Guitar Lessons by Chip McDonald - chip@chipmcdonald.com: Sloppiness Pt. 2: Claude Monet and Lead Guitar

Monday, June 18, 2018

Sloppiness Pt. 2: Claude Monet and Lead Guitar

1) What is the threshold of acceptability for your audience?

(this is actually a very accurate meta visual example of what this article is about...)


 (the above picture I took using a pinhole lens I made, deliberately making my modern technology digital camera to yields results that look soft and "sloppy" - like an Impressionist painting.  It is of an artist making a copy of a Monet painting titled "The Stroll: Woman with a Parasol (Madame Monet and Her Son)".  Why?  1) Because the painting was already made, I couldn't make it. 2) You're not allowed to use take pictures of certain pictures at museums. 3) ... which doesn't matter, because it doesn't take any particular skill or mindset to take a "perfect" picture of a painting! 4) The pinhole lens has an element of mystery to it because of it's imperfection and inherent chaotic light scattering.  In a staid setting such as a museum, this makes for a more interesting picture to occur in my opinion.  How many pinhole pictures of the inside of a museum have you seen....?)

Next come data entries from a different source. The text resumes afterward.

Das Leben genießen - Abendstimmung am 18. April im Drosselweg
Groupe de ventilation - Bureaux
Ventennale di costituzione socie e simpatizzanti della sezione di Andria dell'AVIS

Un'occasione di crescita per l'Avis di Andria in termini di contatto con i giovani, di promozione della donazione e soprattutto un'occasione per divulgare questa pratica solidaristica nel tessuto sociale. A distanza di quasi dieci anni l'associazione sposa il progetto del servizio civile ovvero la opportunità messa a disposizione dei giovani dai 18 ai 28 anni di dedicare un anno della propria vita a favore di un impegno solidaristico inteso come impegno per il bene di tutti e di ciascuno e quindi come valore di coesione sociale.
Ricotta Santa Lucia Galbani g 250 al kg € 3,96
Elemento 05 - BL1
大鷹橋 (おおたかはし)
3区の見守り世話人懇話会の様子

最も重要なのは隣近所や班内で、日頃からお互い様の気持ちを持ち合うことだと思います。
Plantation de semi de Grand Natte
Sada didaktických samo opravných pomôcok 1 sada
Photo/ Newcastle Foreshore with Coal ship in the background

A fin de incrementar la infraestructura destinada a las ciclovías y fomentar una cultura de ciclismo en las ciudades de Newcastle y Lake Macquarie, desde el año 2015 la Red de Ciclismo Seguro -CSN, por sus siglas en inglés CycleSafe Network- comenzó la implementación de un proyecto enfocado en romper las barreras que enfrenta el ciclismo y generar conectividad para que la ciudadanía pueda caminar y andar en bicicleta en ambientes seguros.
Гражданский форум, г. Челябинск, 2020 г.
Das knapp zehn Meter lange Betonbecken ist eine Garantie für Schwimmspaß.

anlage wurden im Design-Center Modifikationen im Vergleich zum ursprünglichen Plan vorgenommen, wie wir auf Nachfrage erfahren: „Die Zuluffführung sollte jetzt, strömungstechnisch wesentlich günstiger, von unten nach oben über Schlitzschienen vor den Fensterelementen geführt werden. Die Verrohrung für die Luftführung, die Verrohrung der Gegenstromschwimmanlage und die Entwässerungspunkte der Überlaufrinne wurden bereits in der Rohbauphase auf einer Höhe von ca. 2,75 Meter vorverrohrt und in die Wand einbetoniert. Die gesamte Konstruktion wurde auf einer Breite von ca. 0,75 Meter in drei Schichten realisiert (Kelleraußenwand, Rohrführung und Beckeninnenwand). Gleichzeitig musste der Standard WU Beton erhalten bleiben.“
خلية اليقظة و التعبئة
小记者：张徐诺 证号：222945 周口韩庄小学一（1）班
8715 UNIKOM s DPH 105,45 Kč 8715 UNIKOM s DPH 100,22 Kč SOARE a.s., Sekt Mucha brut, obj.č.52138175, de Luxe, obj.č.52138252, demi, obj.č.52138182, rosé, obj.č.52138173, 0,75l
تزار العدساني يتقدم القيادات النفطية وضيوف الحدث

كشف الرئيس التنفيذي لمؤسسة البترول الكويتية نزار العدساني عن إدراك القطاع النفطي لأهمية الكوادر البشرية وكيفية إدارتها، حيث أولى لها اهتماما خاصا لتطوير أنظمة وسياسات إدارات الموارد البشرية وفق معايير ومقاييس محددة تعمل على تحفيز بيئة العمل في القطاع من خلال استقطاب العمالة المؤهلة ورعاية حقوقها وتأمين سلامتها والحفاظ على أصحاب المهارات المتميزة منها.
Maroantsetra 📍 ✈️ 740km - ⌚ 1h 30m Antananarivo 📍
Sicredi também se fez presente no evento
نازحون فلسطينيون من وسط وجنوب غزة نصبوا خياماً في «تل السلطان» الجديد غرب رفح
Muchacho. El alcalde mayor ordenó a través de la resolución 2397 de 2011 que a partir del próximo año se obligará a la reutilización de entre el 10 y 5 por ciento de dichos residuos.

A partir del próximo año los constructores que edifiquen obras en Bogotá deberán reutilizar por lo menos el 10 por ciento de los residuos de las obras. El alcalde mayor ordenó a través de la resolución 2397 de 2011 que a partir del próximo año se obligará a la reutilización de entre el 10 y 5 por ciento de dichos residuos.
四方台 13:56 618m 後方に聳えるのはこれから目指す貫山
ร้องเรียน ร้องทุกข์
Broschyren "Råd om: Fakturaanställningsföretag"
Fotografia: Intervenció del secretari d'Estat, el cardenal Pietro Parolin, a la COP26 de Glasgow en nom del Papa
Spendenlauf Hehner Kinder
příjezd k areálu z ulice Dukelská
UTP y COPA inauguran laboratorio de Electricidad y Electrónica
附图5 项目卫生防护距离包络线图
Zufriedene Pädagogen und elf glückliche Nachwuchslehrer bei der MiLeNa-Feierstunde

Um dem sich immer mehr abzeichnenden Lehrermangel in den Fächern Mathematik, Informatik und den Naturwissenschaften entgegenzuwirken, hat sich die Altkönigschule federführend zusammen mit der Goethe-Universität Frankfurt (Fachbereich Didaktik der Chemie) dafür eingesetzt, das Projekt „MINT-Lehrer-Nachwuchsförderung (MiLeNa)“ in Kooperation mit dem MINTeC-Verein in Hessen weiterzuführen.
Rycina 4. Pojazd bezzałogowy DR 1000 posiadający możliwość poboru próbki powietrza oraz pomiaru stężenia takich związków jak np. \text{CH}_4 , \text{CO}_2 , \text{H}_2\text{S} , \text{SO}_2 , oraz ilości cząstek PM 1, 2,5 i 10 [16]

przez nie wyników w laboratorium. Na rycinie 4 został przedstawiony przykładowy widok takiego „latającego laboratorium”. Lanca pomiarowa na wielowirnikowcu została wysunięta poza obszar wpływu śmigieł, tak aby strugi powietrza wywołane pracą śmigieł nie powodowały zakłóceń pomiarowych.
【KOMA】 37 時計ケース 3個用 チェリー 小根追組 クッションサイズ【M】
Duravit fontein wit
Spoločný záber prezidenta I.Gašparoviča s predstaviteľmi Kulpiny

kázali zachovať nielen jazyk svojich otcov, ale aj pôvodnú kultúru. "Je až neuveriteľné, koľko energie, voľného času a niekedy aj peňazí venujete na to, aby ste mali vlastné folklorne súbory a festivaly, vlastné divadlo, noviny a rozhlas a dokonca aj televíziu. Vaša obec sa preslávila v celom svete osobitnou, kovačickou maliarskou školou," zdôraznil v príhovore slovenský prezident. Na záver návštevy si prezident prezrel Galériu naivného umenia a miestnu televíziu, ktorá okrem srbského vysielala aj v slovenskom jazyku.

  .............This may seem self-explanatory, but it's not.


 Your "audience" might be a record producer or engineer.  In which case, they are going to be listening more closely than The Random Person On the Street.

 Your audience may be people in a music store: it shouldn't be, but having worked in music stores most of my life I can say that this is a reality for some people.  The interesting thing here is that there is a profound disconnect between what the Budding Guitar Store Rock Star thinks is "ok" and what the Experienced and Jaded Music Store Employee thinks.

 Another audience might be, as in my case, a guitar student sitting point blank in front of you.  Which is a curious thing, because everything is on the table in this giant question mark of a case.

 Then there is the "traditional" sense of the word.  In a big arena, "sloppiness" is almost relative given the over-amplified whorl of distortion and volume that is a live show.  In this scenario the audience is going to be ultra forgiving, simply because - they can't really make out much detail in a lot of cases, unless it is "that soft part in the song".

 As venues get smaller the stakes go up, actually.  Because a more and more significant portion of the audience is likely to be hearing your amplifier directly off the stage, or as the capability of the p.a. system to the size of the room becomes greater and greater.  So there is trade off here, depending on the p.a. and the sound of the room.  But...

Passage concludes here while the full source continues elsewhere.